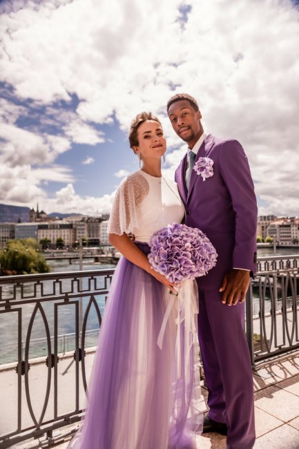 Свадьба Сильвии Торасса и Джакомо МиссониЭлина Свитолина и Гаэль Монфис16 июля первая ракетка Украины Элина Свитолина, занимающая сейчас шестую строчку в мировом рейтинге WTA, вышла замуж за возлюбленного Гаэля Монфиса, с которым состояла в отношениях уже несколько лет. Главная спортивная свадьба 2021 года прошла в Швейцарии: роспись в Неоне, а сама вечеринка в отеле Four Seasons. Над свадебным образом Элина работала вместе с дизайнером Вирджилом Абло, в результате чего получился небанальный элегантный образ. Главный наряд невесты состоял из белоснежного комбинезона с кружевной накидкой с надписью "Love always wins" и съемной лавандовой юбки из фатина. Завершающей деталью стали туфли Le Silla. Поскольку Гаэль подарил Элине помолвочное кольцо GRAFF, то и обручальные кольца молодожены выбрали соответствующего бренда.
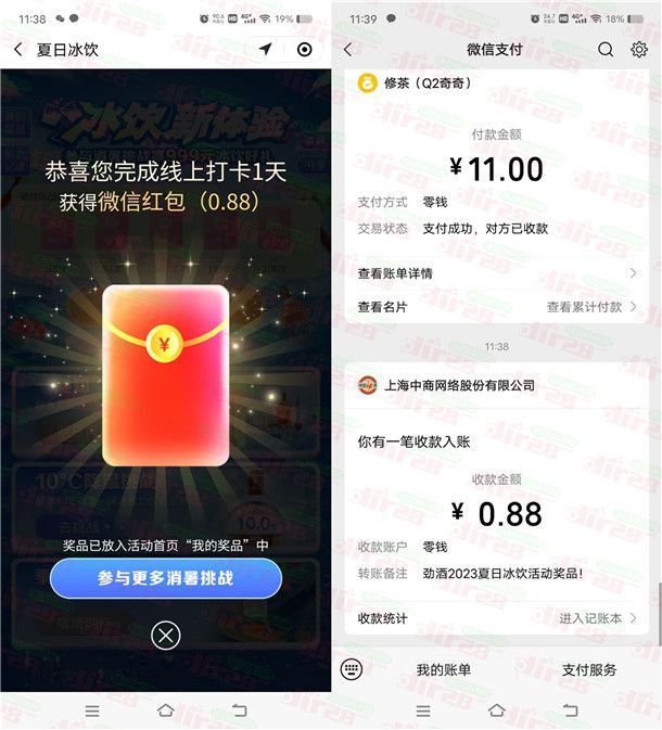 参加劲友家举办的冰饮新体验参与消暑挑战赢999元冰饮好礼活动,通过打开微信进去活动里,完成指定的任务可以获得挑战次数,挑战不同的活动可以抽奖,完成挑战次数也有机会得到32.88元微信红包,去夏日冰饮新体验里完成打卡热舞也有机会中到随机金额的微信红包,小编测试刚中0.88元。
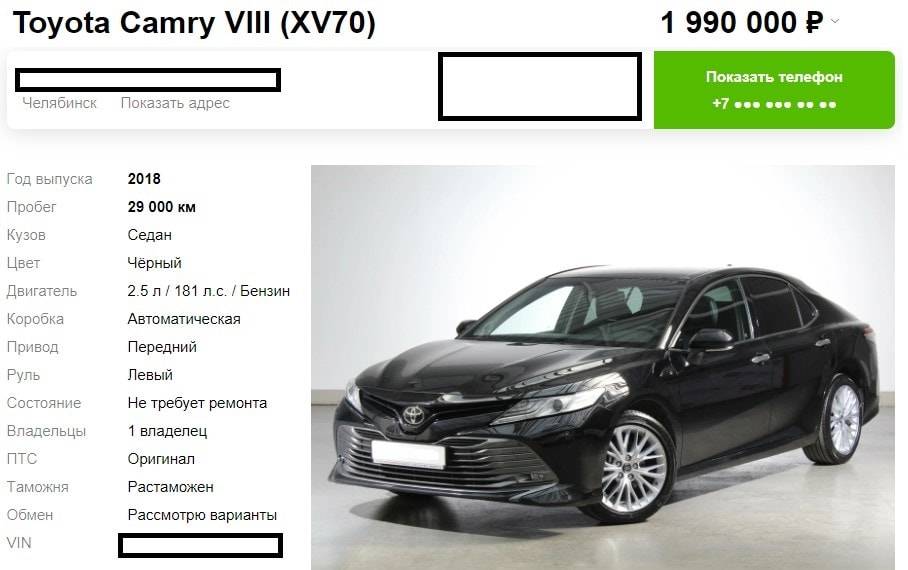 При этом «Камри» с пробегом — довольно проблемный автомобиль. По статистике avtocod.ru, «чистой» продается только каждая третья машина. Каждая вторая имеет расчет ремонтных работ, каждая третья — ДТП, каждая пятая — неоплаченные штрафы. Часть «Камри» числится в лизинге или залоге или используется в такси. Также есть экземпляры, находящиеся в розыске:
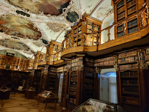 It's really a very impressive library to visit and experience. Befire allowed to enter the library. You are required to wear large pantoffols that you place over your street shoes. It is required to protect the floor in the library. Once entering the library, you feel like you walk into an impressive and historical place. It takes some time to adjust to the splendour of the interior. There are so many impulses to process and to look at. Especially the paintings on the roof, the cabinets with the old books etc. We would have liked to spend some more time here, but we arrived about 1 hour before closing time and had unfortunately to hurry up. Apart from the library, there is also a cellar museum with old religious objects used in the mass. The special pieces are old bibles that have covers that contain carved out ivory pieces that depict religious situations. It was also impressive, but we had very little time left to look further around. We will need to come back to explore this further and in...
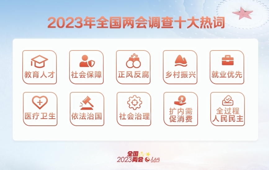 經(jīng)過網(wǎng)友投票,“教育人才”“社會保障”“正風(fēng)反腐”“鄉(xiāng)村振興”“就業(yè)優(yōu)先”“醫(yī)療衛(wèi)生”“依法治國”“社會治理”“擴內(nèi)需促消費”“全過程人民民主”入選十大熱詞。
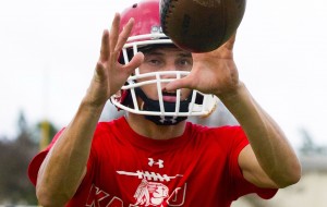 Kahuku Red Raider defensive back Kekaula Kaniho photographed at practice on Wednesday evening.
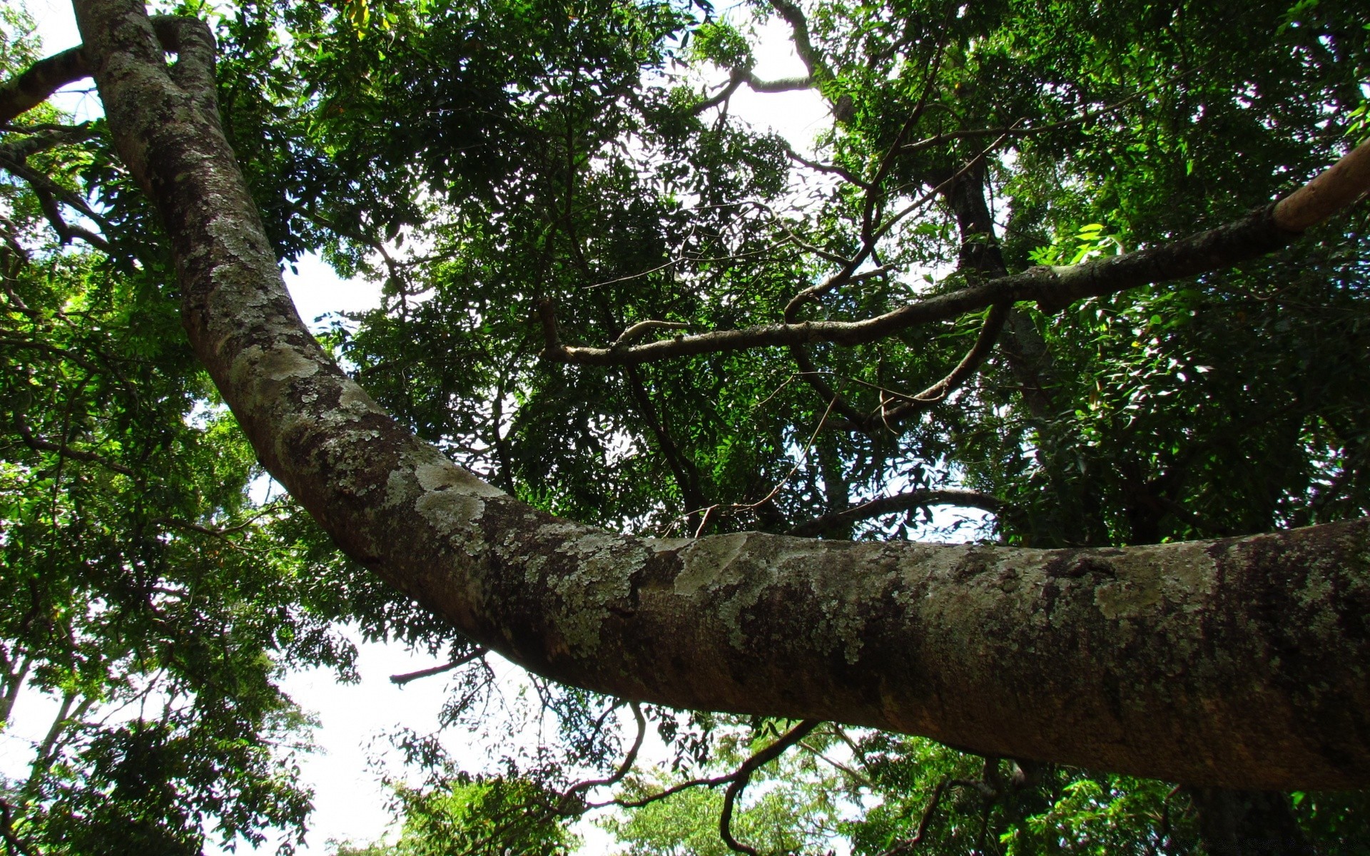Eine Waldstraße inmitten dichter grüner Vegetation

......

Activity> Transcribe the records above exactly, excluding every picture.

Solution for this problem>
 Свадьба Сильвии Торасса и Джакомо МиссониЭлина Свитолина и Гаэль Монфис16 июля первая ракетка Украины Элина Свитолина, занимающая сейчас шестую строчку в мировом рейтинге WTA, вышла замуж за возлюбленного Гаэля Монфиса, с которым состояла в отношениях уже несколько лет. Главная спортивная свадьба 2021 года прошла в Швейцарии: роспись в Неоне, а сама вечеринка в отеле Four Seasons. Над свадебным образом Элина работала вместе с дизайнером Вирджилом Абло, в результате чего получился небанальный элегантный образ. Главный наряд невесты состоял из белоснежного комбинезона с кружевной накидкой с надписью "Love always wins" и съемной лавандовой юбки из фатина. Завершающей деталью стали туфли Le Silla. Поскольку Гаэль подарил Элине помолвочное кольцо GRAFF, то и обручальные кольца молодожены выбрали соответствующего бренда.
 参加劲友家举办的冰饮新体验参与消暑挑战赢999元冰饮好礼活动,通过打开微信进去活动里,完成指定的任务可以获得挑战次数,挑战不同的活动可以抽奖,完成挑战次数也有机会得到32.88元微信红包,去夏日冰饮新体验里完成打卡热舞也有机会中到随机金额的微信红包,小编测试刚中0.88元。
 При этом «Камри» с пробегом — довольно проблемный автомобиль. По статистике avtocod.ru, «чистой» продается только каждая третья машина. Каждая вторая имеет расчет ремонтных работ, каждая третья — ДТП, каждая пятая — неоплаченные штрафы. Часть «Камри» числится в лизинге или залоге или используется в такси. Также есть экземпляры, находящиеся в розыске:
 It's really a very impressive library to visit and experience. Befire allowed to enter the library. You are required to wear large pantoffols that you place over your street shoes. It is required to protect the floor in the library. Once entering the library, you feel like you walk into an impressive and historical place. It takes some time to adjust to the splendour of the interior. There are so many impulses to process and to look at. Especially the paintings on the roof, the cabinets with the old books etc. We would have liked to spend some more time here, but we arrived about 1 hour before closing time and had unfortunately to hurry up. Apart from the library, there is also a cellar museum with old religious objects used in the mass. The special pieces are old bibles that have covers that contain carved out ivory pieces that depict religious situations. It was also impressive, but we had very little time left to look further around. We will need to come back to explore this further and in...
 經(jīng)過網(wǎng)友投票,“教育人才”“社會保障”“正風(fēng)反腐”“鄉(xiāng)村振興”“就業(yè)優(yōu)先”“醫(yī)療衛(wèi)生”“依法治國”“社會治理”“擴內(nèi)需促消費”“全過程人民民主”入選十大熱詞。
 Kahuku Red Raider defensive back Kekaula Kaniho photographed at practice on Wednesday evening.
Eine Waldstraße inmitten dichter grüner Vegetation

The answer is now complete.